Assigned task:
Transcribe all of the data exactly. Images stay out.

Recorded information:
*** Block opens ***

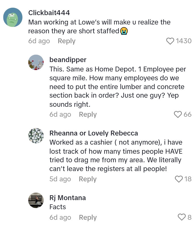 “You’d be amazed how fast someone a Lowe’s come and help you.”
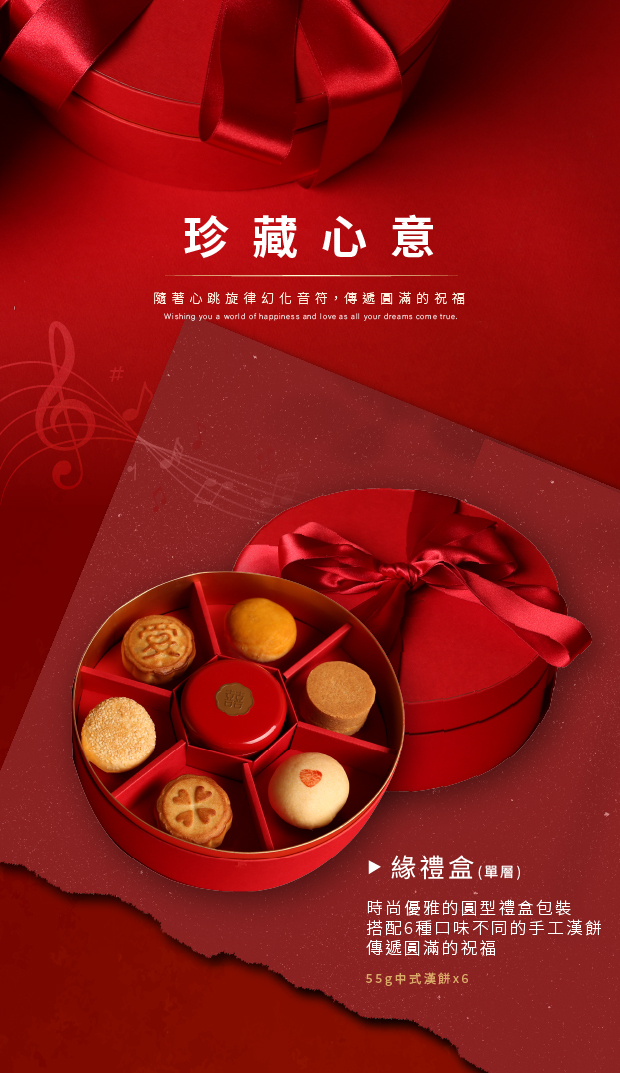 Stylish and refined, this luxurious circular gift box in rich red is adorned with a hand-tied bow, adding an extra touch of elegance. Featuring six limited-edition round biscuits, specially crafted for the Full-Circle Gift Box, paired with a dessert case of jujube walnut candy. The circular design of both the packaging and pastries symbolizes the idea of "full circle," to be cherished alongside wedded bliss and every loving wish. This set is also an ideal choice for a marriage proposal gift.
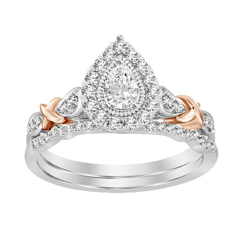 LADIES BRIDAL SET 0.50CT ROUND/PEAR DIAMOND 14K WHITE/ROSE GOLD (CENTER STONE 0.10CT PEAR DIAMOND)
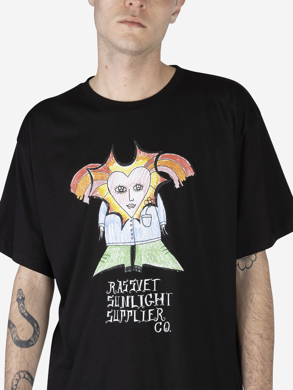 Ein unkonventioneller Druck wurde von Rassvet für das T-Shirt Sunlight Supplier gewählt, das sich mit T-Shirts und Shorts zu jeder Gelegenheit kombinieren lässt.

*** Block closes ***

Output of the exercise:
 “You’d be amazed how fast someone a Lowe’s come and help you.”
 Stylish and refined, this luxurious circular gift box in rich red is adorned with a hand-tied bow, adding an extra touch of elegance. Featuring six limited-edition round biscuits, specially crafted for the Full-Circle Gift Box, paired with a dessert case of jujube walnut candy. The circular design of both the packaging and pastries symbolizes the idea of "full circle," to be cherished alongside wedded bliss and every loving wish. This set is also an ideal choice for a marriage proposal gift.
 LADIES BRIDAL SET 0.50CT ROUND/PEAR DIAMOND 14K WHITE/ROSE GOLD (CENTER STONE 0.10CT PEAR DIAMOND)
 Ein unkonventioneller Druck wurde von Rassvet für das T-Shirt Sunlight Supplier gewählt, das sich mit T-Shirts und Shorts zu jeder Gelegenheit kombinieren lässt.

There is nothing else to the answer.